A 61-year-old Dutch woman who was recently euthanized in The Netherlands at her request is receiving media attention and praise due to her decision to donate her organs in the process.

Dutch news sources called it a generous decision, with one newspaper running the headline, “Woman dies while saving five lives.”

Dicky Ringeling was recently diagnosed with a severe form of multiple sclerosis, leaving her with poor life expectancy.

Dicky Ringeling, of Zwijndrecht near Rotterdam, was recently diagnosed with a severe form of multiple sclerosis, leaving her with poor life expectancy. She decided she did not want to “suffer unbearably” and soon started to discuss euthanasia with her husband and two daughters.

A hospital worker, Ringeling had signed an organ donor card. But while euthanasia – in the present state of things in Holland – would probably not be refused, organ donation is a different matter altogether and the procedures are contradictory.

Most euthanasias in the Netherlands take place at the patient’s home. After the patient has received lethal drugs and died in the presence of his or her family doctor, another doctor intervenes to record the death, examine the corpse and verify that the procedure has been carried out in accordance with the law.

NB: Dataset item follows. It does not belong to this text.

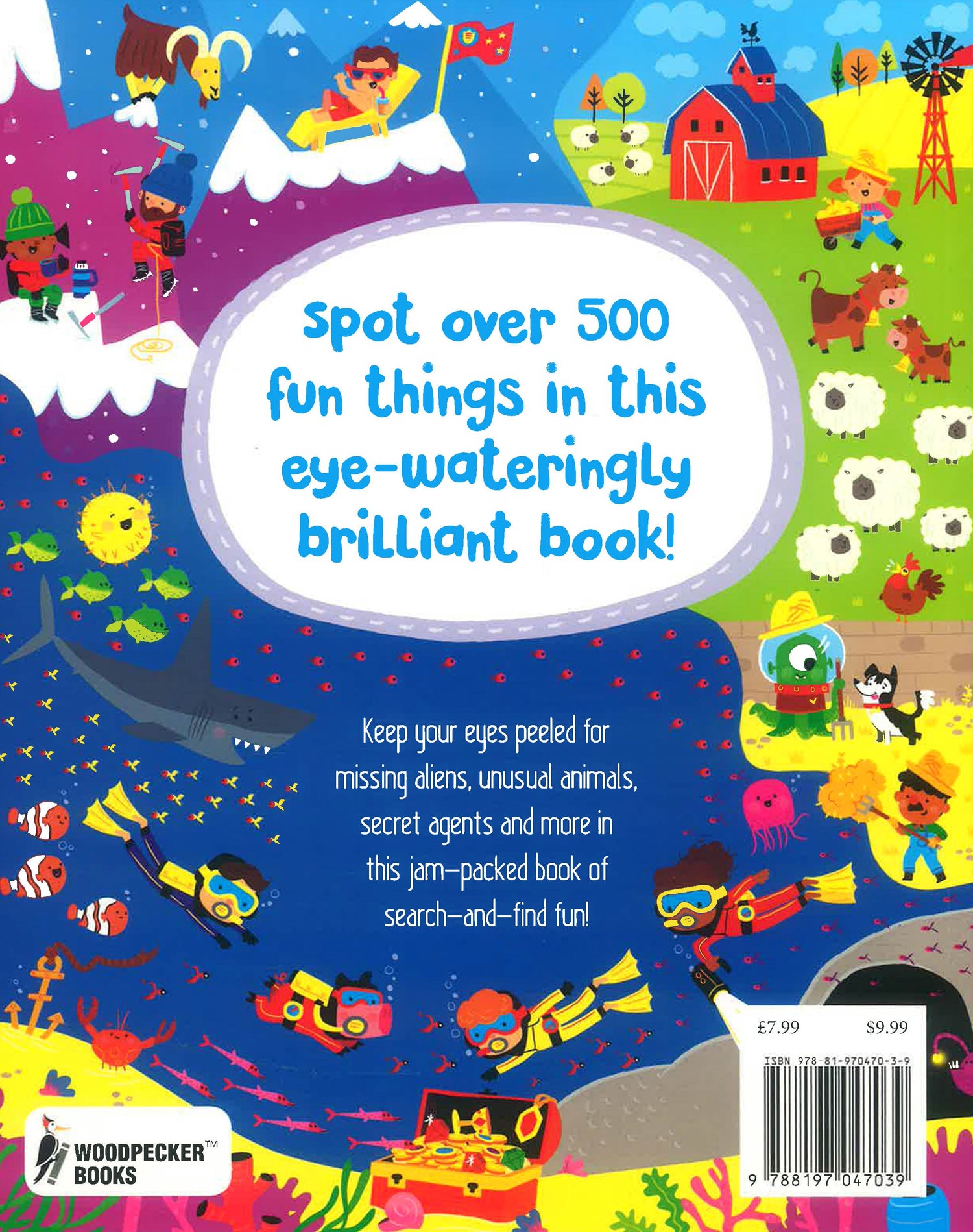 Keep your eyes peeled for missing aliens, unusual animals, secret agents and more in this jam-packed book of search-and-find fun!

Organ donation, on the contrary, requires fast action: vital organs must be removed as soon as possible, before blood circulation and oxygenation have stopped altogether, in order to be usable for transplantation.

Mrs. Ringeling’s daughters helped her to overcome all these administrative and medical difficulties. After much discussion, it was decided that she would be euthanized in a hospital setting; the legal doctor would be present at the death and the body would be released to the operating team in less than five minutes after death. The story does not say how the point of death would be defined in this case: most probably right after the very first signs that the heart was no longer beating.

Dicky Ringeling spent three weeks in the hospice, saying “goodbye” to her family and friends, even joking with the medical staff. “Let’s keep it joyful”, she said. “At least my death will be useful.”

During this period she was examined and her kidneys, lungs, pancreas and liver were found to be in good enough condition for transplantation. She further decided to donate her brain for research on multiple sclerosis.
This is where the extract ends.